Richter ne se réclamait pas précisément du nom de Hegel, mais il faisait usage des formules de l’école, et son principal argument lui était fourni par la notion hégélienne de l’individualité. Ce qui est individuel ne peut durer comme tel, parce que l’individu ne peut réaliser l’idée, et par conséquent ne vient au jour que pour faire place à un autre, pour faire nombre dans cet ensemble d’existences particulières dont la totalité seule représente vraiment l’idée. On ne se trompa pas sur la parenté du livre. Il produisit une profonde consternation dans le cénacle.

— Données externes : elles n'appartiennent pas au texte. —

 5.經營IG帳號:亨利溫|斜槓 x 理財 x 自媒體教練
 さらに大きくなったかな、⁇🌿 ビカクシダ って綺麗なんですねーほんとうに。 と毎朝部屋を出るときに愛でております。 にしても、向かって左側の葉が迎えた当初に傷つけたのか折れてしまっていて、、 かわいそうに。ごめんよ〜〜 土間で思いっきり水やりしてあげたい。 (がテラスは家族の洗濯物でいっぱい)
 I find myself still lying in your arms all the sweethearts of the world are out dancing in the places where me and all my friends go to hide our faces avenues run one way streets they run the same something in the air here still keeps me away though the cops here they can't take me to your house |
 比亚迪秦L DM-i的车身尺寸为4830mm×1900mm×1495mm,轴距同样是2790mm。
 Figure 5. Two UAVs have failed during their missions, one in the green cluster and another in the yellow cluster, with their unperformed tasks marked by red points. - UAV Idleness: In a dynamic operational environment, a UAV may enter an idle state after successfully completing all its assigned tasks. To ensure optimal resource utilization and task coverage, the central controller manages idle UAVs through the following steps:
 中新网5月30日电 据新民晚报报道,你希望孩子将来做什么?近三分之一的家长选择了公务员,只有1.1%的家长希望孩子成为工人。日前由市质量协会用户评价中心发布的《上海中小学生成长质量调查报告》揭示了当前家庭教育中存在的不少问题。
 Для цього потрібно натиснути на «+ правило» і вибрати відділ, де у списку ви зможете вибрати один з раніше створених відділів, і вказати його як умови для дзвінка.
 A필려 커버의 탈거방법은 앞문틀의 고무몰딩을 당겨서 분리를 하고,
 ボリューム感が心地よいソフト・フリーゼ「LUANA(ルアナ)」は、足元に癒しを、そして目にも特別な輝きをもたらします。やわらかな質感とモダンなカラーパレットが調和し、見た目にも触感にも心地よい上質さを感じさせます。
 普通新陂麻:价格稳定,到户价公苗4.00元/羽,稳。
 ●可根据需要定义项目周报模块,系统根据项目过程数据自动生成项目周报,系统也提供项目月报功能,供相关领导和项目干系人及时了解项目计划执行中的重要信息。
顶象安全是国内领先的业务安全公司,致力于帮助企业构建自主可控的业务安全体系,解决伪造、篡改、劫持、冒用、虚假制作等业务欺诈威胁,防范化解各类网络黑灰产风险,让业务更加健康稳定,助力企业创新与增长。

Chacun en voulait au mal-appris dont la main grossière déchirait le voile des plus douces illusions ; on se sentait compromis, ce fut un haro universel. MM. Weisse et Gœschel se hâtèrent de chercher dans la logique hégélienne les ressources infinies qu’elle présente pour toutes les thèses et toutes les causes. En général, on chercha à étouffer la discussion sous les injures et les cris d’indignation. C’est ce que le plus spirituel des théologiens modernes a appelé l’assassinat littéraire de Richter. On put croire un instant que le crime avait réussi. Hélas ! on était à la veille d’un bien autre scandale. Deux ans après le livre de Richter paraissait celui de Strauss.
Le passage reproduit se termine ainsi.